■ **Goal of the exercise**:
Pictures excluded, retype the lines from the one containing "宽松高腰灯芯绒妈妈长裤 女士秋冬季 加绒加厚休闲裤 哈伦裤 2023新款" through the last line of the data below, both included.

■ **Given data**:
---
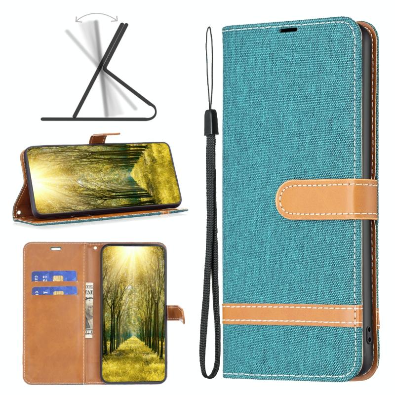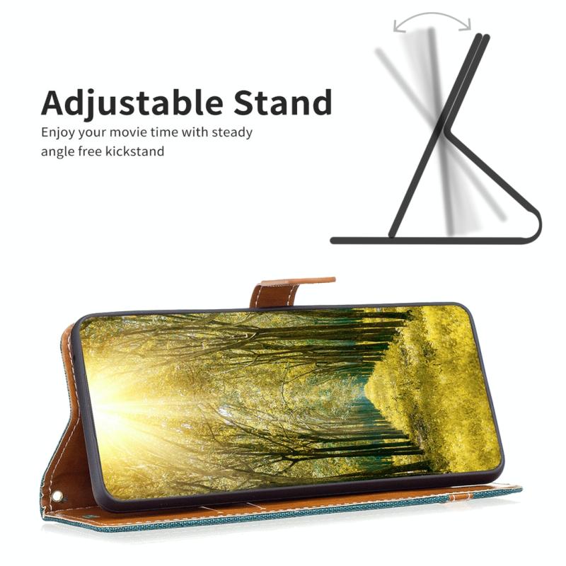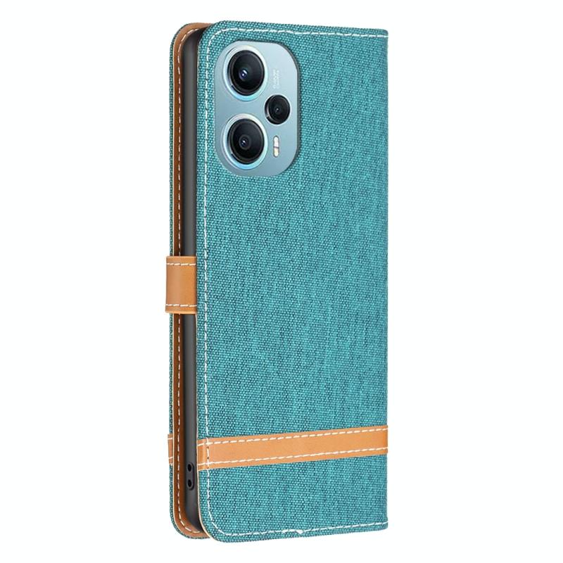 Θήκη τηλεφώνου από δέρμα με υφή denim και χρωματικό μπλοκ για Xiaomi Poco F5 5G / Redmi Note 12 Turbo (Σκούρο μπλε)
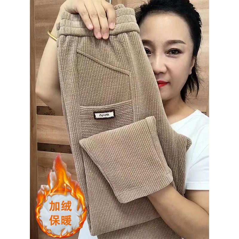 宽松高腰灯芯绒妈妈长裤 女士秋冬季 加绒加厚休闲裤 哈伦裤 2023新款
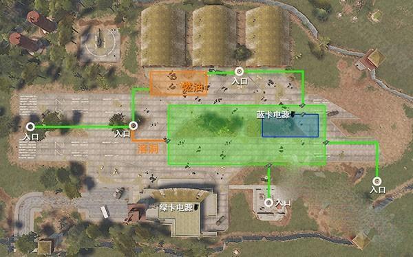 2、机场的隐藏补给藏在地下,得放两根保险丝才能开启。地下的结构比较复杂,我画了张图方便大家理解。这里总共有5个入口能进到地下,蓝色和绿色的区域都是隐藏补给区,绿色区域得用绿卡才能进,蓝色区域需要蓝卡,橙色区域刷新的红色油桶比较多,不用卡片就能进。
---
■ **Output of the task**:
 宽松高腰灯芯绒妈妈长裤 女士秋冬季 加绒加厚休闲裤 哈伦裤 2023新款
 2、机场的隐藏补给藏在地下,得放两根保险丝才能开启。地下的结构比较复杂,我画了张图方便大家理解。这里总共有5个入口能进到地下,蓝色和绿色的区域都是隐藏补给区,绿色区域得用绿卡才能进,蓝色区域需要蓝卡,橙色区域刷新的红色油桶比较多,不用卡片就能进。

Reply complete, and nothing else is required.